Mariana Franco, 30, tinha passagens para voar de Joinville para Brasília, mas foi impedida de embarcar em um voo da Latam e ainda ouviu uma insinuação de falsidade ideológica. Tudo porque Mariana, que é transexual, tem documentos ainda com nome masculino, enquanto seus bilhetes já registravam o nome social.

"Foi muito constrangedor pela forma com que eu fui tratada. Da forma que foi me falado, parecia que eu era uma criminosa", diz.

Convidada pelo Conselho Nacional de Saúde, órgão vinculado ao Ministério da Saúde, Mariana tentava participar de uma conferência em Brasília. As passagens, compradas pelo governo federal, seguiam o que determina o decreto presidencial 8.727/2016, que diz que órgãos e entidades da administração pública federal devem adotar o nome social para pessoas transexuais.

Mariana conta que nas passagens constava também o número de seu RG e CPF, que já poderiam provar sua identidade, mas mesmo assim a companhia se negou a permitir seu embarque. Ela mostrou ainda o cartão nacional do SUS, cartão de crédito e cartão de clube, todos já com o nome social. "Eles não são considerados documentos oficiais, mas é toda documentação que eu uso no meu dia a dia", explicou Mariana em entrevista ao UOL.

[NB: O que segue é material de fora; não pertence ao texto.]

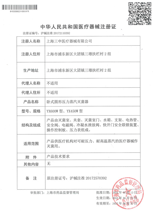 卧式圆形压力蒸汽灭菌器注册证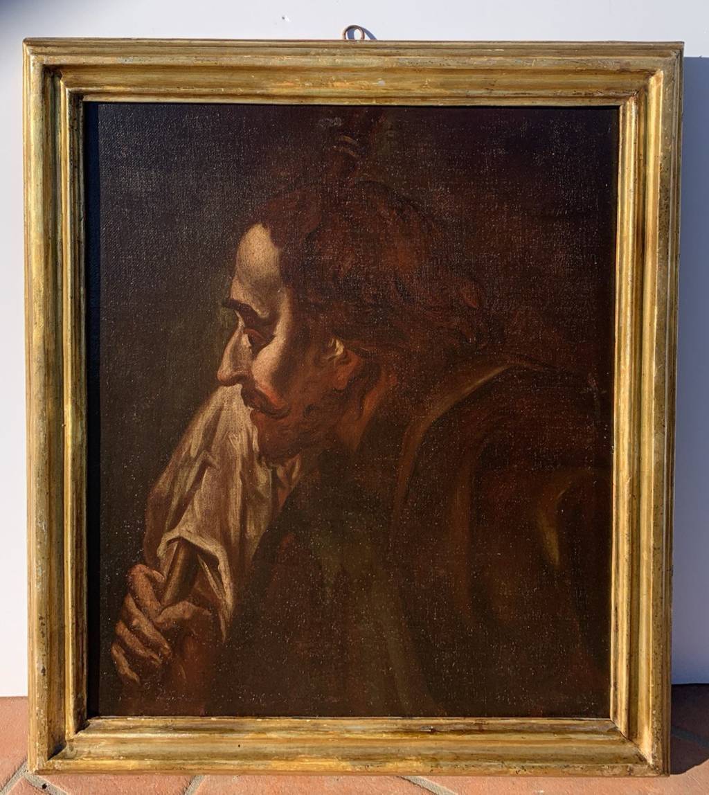 Giambattista Piazzetta (Venice 1683 - Venice 1754), circle of - Saint James the Greater. 62.5 x 52.5 cm without frame, 72.5 x 62.5 cm with frame. Antique oil painting on canvas, in a contemporary 18th-century carved and gilded wooden frame. Condition report: Original canvas. Good state of conservation of the painted surface, with scattered paint losses and traces of transparency due to wear of the canvas (restoration and relining recommended). The painting is presented in its original 18th-century frame. - All shipments within the EU are free and professionally packaged. - Each item is sold with a certificate of authenticity with legal validity. - Further details on the condition report are available upon request. - Viezzi Arte guarantees quality and professionalism at competitive prices, contact us at info@viezziarte.it or via WhatsApp at +39 3402841279. *Message to non-Italian buyers: Please note that this artwork has not yet obtained the free export certificate from Italy from the Superintendency of Cultural Heritage. This document certifies that the work is not part of Italian cultural heritage. Normally, the release times for certificates are 40 days from the appointment date: the new legislation in force since 2021 provides, for amounts declared less than €13,500, shorter times at the discretion of the committee of experts. All costs of this operation are included.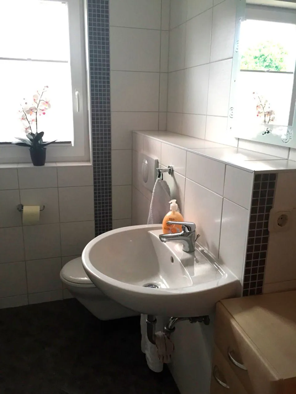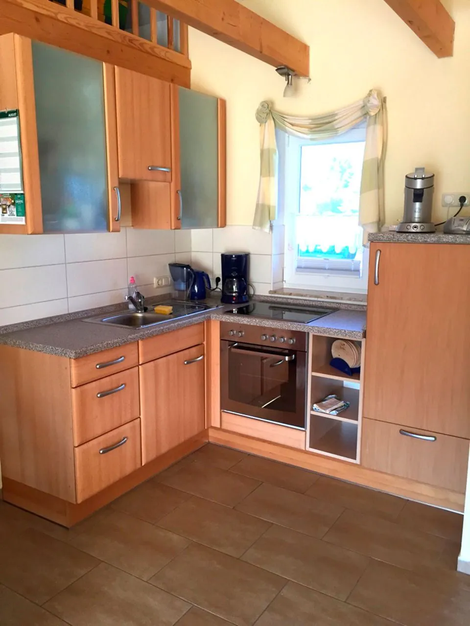 Im Wohnzimmer gibt es eine offene Küche, die mit einem Cerankochfeld, einem Backofen, einem Spülbecken, einem Kühlschrank mit Tiefkühlfach, einer Kaffeemaschine, einem Toaster und einem Wasserkocher ausgestattet ist. Daneben steht ein Esstisch mit Stühlen. Im Wohnbereich finden Sie eine Couch, einen Schrank und einen Fernseher. Im Bad sind eine Dusche, ein WC, ein Waschbecken, ein Spiegel und ein Schrank. Das Schlafzimmer ist eingerichtet mit einem Doppelbett und einem Kleiderschrank. Im Dachgeschoss erreichen Sie über eine schmale steile Treppe eine offene Galerie, in der ein zusätzliches Doppelbett (2,20 m x 1,80 m) steht. Die Fenster des Hauses sind mit Allergiker/Pollengitter ausgestattet. Am Haus gibt es eine Terrasse mit Gartenmöbeln.

Mariana, que é presidente da União Nacional LGBT de Jaraguá do Sul e vice-presidente da União Nacional LGBT de Santa Catarina, afirma que a companhia aérea não tentou solucionar a questão.

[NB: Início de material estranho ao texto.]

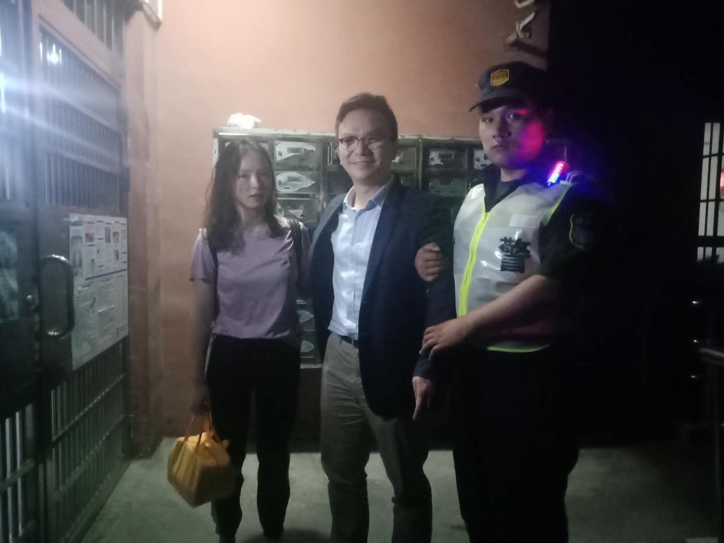 當(dāng)日23:40,金橋交管輔警金葵巡邏隊(duì)員靳龍龍、周長群在金葵路1115弄巡邏時,發(fā)現(xiàn)一名女子攙扶著一男子,行走十分困難。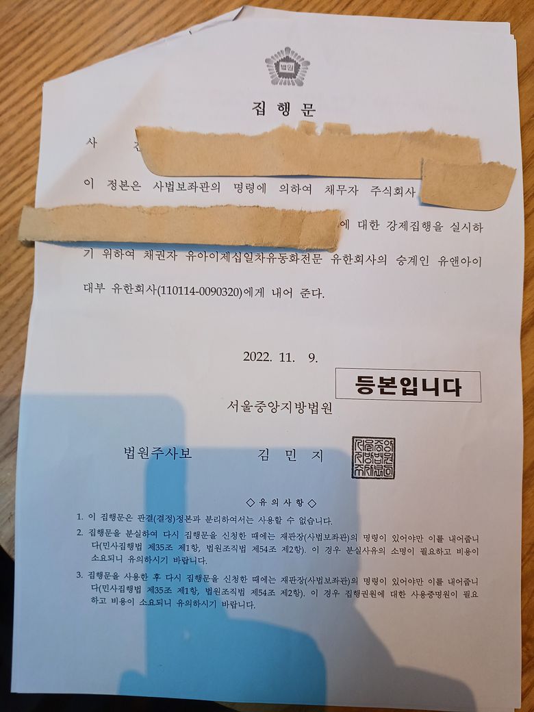 10년지난 채무인데 갑자기 법원 집행관송달로 이런서류가 왔는데 무엇인가요?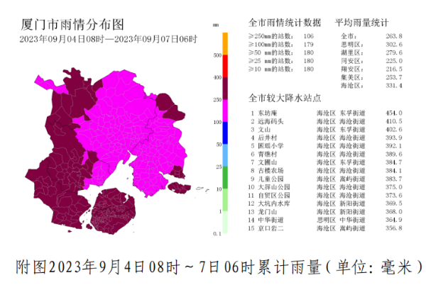(厦门市气象局供图) 东南网9月7日讯(记者 刘玮)厦门市气象台9月7日7时发布消息,今天厦门市降级发布全市“暴雨预警Ⅲ级”,局部镇街仍有大雨到暴雨。 过去24小时,厦门共有22个镇街出现100毫米以上的强降水,最大累计雨量出现在同安区莲花镇小坪森林公园,达150.1毫米。过程以来(4日08时~7日06时)全市平均面雨量263.8毫米,最大出现海沧区东孚街道东坊庵,达454.0毫米(见附图)。预计今天厦门局部镇街仍有大雨到暴雨。 厦门市气象局提醒广大市民,地质灾害气象风险等级较高,须持续关注。 |

"Até falei para uma das atendentes: 'me desculpe, mas o que parece que acontece é que vocês não querem que travestis e transexuais voem, como se não fosse um direito digno nosso'. Não tive nenhuma assessoria da Latam enquanto estive no aeroporto".

Avião da LATAM - Divulgação - Divulgação
Imagem: Divulgação

Procurada pela reportagem, a Latam Airlines Brasil se limitou a dizer que "para que o embarque possa ser realizado, é necessário que o bilhete seja compatível com o documento de viagem do passageiro".

Questionada sobre o fato do documento apresentado ter a mesma numeração registrada no sistema, a empresa não enviou resposta oficial até o fechamento da reportagem. O comunicado da Latam declara ainda que "a diversidade faz parte da cultura da companhia, que atende qualquer pessoa com a mesma atenção, cuidado e respeito".

Para a ANAC (Agência Nacional de Aviação Civil), o nome fornecido no momento da compra da passagem deve ser igual ao nome do documento de identificação do passageiro. Seguindo os termos do decreto 8.727/2016, a ANAC informa que "o interessado deve solicitar a inclusão do nome social no documento oficial".

No entanto, Mariana afirma que não enfrentou esse constrangimento em outras companhias. "Eu já tinha embarcado pela Avianca usando nome social e não tive problema. Achei muito curioso que o pessoal da Gol no aeroporto também ficou bastante indignado, mas eu não sei se eles já adotam o uso do nome social".

Ela ainda reclama do atendimento recebido no balcão da companhia no aeroporto "Fui tratada com desdém, como se eu estivesse pedindo um favor. Em nenhum momento tentaram resolver o problema. Foi simplesmente 'você não pode embarcar'. Só faltou falarem 'saia daqui'", desabafa.

"A minha intenção não é ganhar nem mil reais com isso. Só quero que seja resolvido, para que nenhuma outra pessoa passe o constrangimento que eu passei. Espero que vejam que também somos pessoas. Apenas estamos pedindo direito a reconhecimento".

Para conseguir embarcar, Mariana teve que recorrer a outro voo, viajando com seu nome de registro. "O curioso é que em conta de banco e cartão de crédito você consegue usar o nome social. Inclusive ontem, para comprar novas passagens, eu iria comprar com o cartão, que tem o nome social. Mesmo nome que eu não posso usar para viajar. Nome que a própria companhia não aceitou na passagem".